Create.xyz (now also Anything, after the August 2025 rebrand) ships your app with a public function URL but no scheduler. Their own docs say built-in scheduled tasks are coming soon and recommend an external service in the meantime. Here is the 5-minute walkthrough that fires your function URL on any cadence, in any timezone, with a shared-secret check and zero Anything credits burned on the cron itself.
crontap.com / blog
Create.xyz (now also Anything, after their August 2025 rebrand) does not ship a scheduler yet. Their own docs say it: "Built-in scheduled tasks are coming soon.

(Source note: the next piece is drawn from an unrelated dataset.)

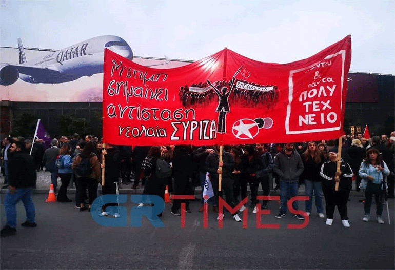 Στην πρώτη πορεία συμμετέχουν μέλη του ΚΚΕ, του ΠΑΜΕ, φοιτητικοί σύλλογοι και μαθητές ενώ στην κεφαλή της βρίσκονται μέλη του Συνδέσμου Φυλακισθέντων και Εξορισθέντων Αντιστασιακών 1967-1974 που κρατούν πανό.

In the meantime, you can use an external service to call one of your functions on a schedule." Here is the 5-minute pattern that does exactly that, with a shared-secret check, an IANA timezone per schedule, and zero Anything credits burned on the cron itself.

Create.xyz (now also Anything, after their August 2025 rebrand and $11M Series A) is honest about what it does not do yet. The official Anything docs say, verbatim:

"Built-in scheduled tasks are coming soon. In the meantime, you can use an external service to call one of your functions on a schedule."

That is a refreshing rarity in the AI-builder world: the platform tells you out loud that scheduling is not native and points at the workaround. This post is that external service, with a five-minute walkthrough, a shared-secret pattern, and the gotchas that come from building on a credit-billed platform.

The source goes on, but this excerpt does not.